Sherman College of Chiropractic
- Former name: Sherman College of Straight Chiropractic
- Motto: Adjusting the World for a Better Future
- Established: 1973
- President: Dr. Jack Bourla
- Location: Spartanburg County (Boiling Springs postal address), South Carolina, United States
- Mascot: Larry the Lion
- Website: www.sherman.edu

= Sherman College of Chiropractic =

Sherman College of Chiropractic is an American private graduate college focused on the health sciences and located in unincorporated Spartanburg County, South Carolina, with a Boiling Springs postal address; it is outside of the Boiling Springs census-designated place. It was founded in 1973 and named after chiropractor Lyle Sherman. Sherman College offers the doctor of chiropractic degree. The college is home to approximately 450 students representing 42 states and 13 countries and has more than 3,000 alumni around the world. Sherman college supports the "straight" vertebral subluxation-based focus as different from diagnosis and symptomatic treatment focus of "mixed" U.S. chiropractic schools. The name of the college was changed to Sherman College of Straight Chiropractic the late 1970s, but changed back to the original name in 2009. Sherman College also has digital x-ray services in the Health Center for use of interns and local chiropractors.

== History ==
Established in 1973 by Dr.

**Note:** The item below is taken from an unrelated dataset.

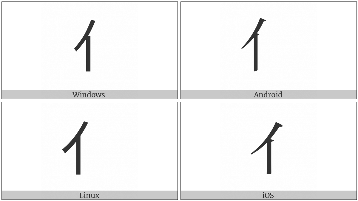 The image below shows how the “Cjk Radical Person” symbol might look like on different operating systems. If the font in which this web site is displayed does not contain the symbol and there is no fallback font able to render it, you can use the image below to get an idea of what it should look like.

Thom Gelardi, the college is named for Dr. Lyle Sherman, an assistant director of the B. J. Palmer Chiropractic Research Clinic. The first class graduated on September 18, 1976, the anniversary of Palmer's discovery of the vertebral subluxation. After several years in alternate locations in Spartanburg, the college opened the present campus, which now includes a teaching facility, a health center open to the public, and a low ropes course for faculty and students. Sherman focuses on the correction of vertebral subluxations of the spine rather than diagnosis and treatment of symptoms in the modern medicine model; a philosophy it defended in an accreditation lawsuit with the American Chiropractic Association in 1986.

==Academics==
The program consists of 14 quarters of study: classroom and hands-on instruction, internship in the Chiropractic Health Center, research opportunities, and community services. To enter the program, students must have 90 hours of college credits, including hours in lab sciences. Sherman College is accredited by the Commission on Colleges of the Southern Association of Colleges and Schools and by the Commission of Accreditation of the Council on Chiropractic Education, as well as being licensed by the South Carolina Commission on Higher Education.

==Campus==
The 80 acre campus is located in Spartanburg, South Carolina. The college operates a Chiropractic Health Center on its campus open to the public, which provides more than 35,000 patient visits each year. Sherman was the first East Coast chiropractic college to use digital x-ray imaging for health center and local chiropractor patients. The Health Center also supports Chiropractic research on vertebral subluxation.

==Seminars==
Each year in late April/early May, Sherman College sponsors the Lyceum, a conference of seminars, workshops, awards, presentation of research and fellowship for the chiropractic community. Another series is IRAPS, the International Research and Philosophy Symposium, a weekend of presentations which focus on innate intelligence and vitalistic philosophy as well as research findings.